Usted es un gran lector de historia, sobre todo relativa al siglo xx. ¿Qué le atrae de la tarea del historiador? ¿Por qué el novelista que usted es no se conforma con lo que podríamos denominar el procedimiento histórico de acercamiento a la realidad?
Casi cualquier período de la historia o de la prehistoria me apasiona. El historiador es el narrador al que no le está permitido inventar nada. Tener una conciencia histórica me parece una de las herramientas intelectuales y políticas más necesarias: te enseña la variedad y la transitoriedad de las situaciones humanas, te cura de eso tan extendido ahora que un historiador británico llamó «condescendencia hacia el pasado». Pero mi mayor impulso es la curiosidad. Quiero saber qué pasó. En cuanto al siglo xx, no consigo desprenderme de él, aunque me prometí hacerlo cuando terminé La noche de los tiempos. La calamidad de la I Guerra Mundial es un campo de conocimiento inagotable. También el estudio de la historia te enseña que no hay leyes generales, que el flujo de los hechos históricos no va en ninguna dirección. Yo creo que para estudiar historia hace falta tener nociones de teoría del caos: los procesos históricos son tan fluctuantes y tan impredecibles como los meteorológicos.
Yo soy bastante antiplatónico. Me dan horror las abstracciones y las ideas generales
Margueritte Yourcenar afirmó que sabía más del emperador Adriano que de su propio padre porque al primero había tenido que estudiarlo con todo detalle, exhaustivamente, agotando todos los documentos sobre él, mientras que de su padre sólo tenía el recuerdo. ¿Le ha ocurrido en algún momento en alguna medida?, ¿tal vez en Como la sombra que se va?

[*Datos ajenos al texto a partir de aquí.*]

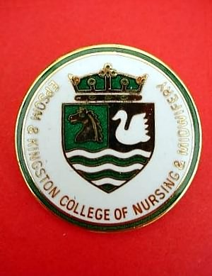 ..... Short Description ...... The Epsom & Kingston College of Nursing & Midwifery Hospital badge was awarded to nurses on completion of training. It is (shape) in shape and made from (materials), with the hospital name around the circumference. The badge weighs (weight) grams and has a (rear pin/button hole) fixing. Picture: The central design is of (description). Badges (were/were not) named and dated with the name of the recipient on the reverse. ..... |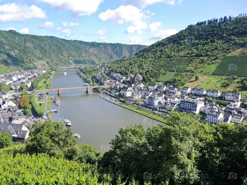 Река Мозель, виноградники, город Кохем в Германии

Son obsesiones devoradoras que, por fortuna, al menos en mi caso, terminan cuando termino el libro. El peligro de averiguar tanto sobre alguien es pensar que todo lo que tú sabes puede ser tan interesante para el lector como lo es para ti… Me pasó igual con otra novela en la que usé mucha documentación, Plenilunio. Es el asombro de todo lo que se puede saber sobre una persona y al mismo tiempo darse cuenta de que es un perfecto desconocido. Yo aprendí muchos detalles sobre la vida de James Earl Ray, pero en el centro de todo eso hay un gran espacio en blanco. Nadie sabe lo que hay detrás de todos los datos y detrás de todas las mentiras que siguió contando hasta el día de su muerte.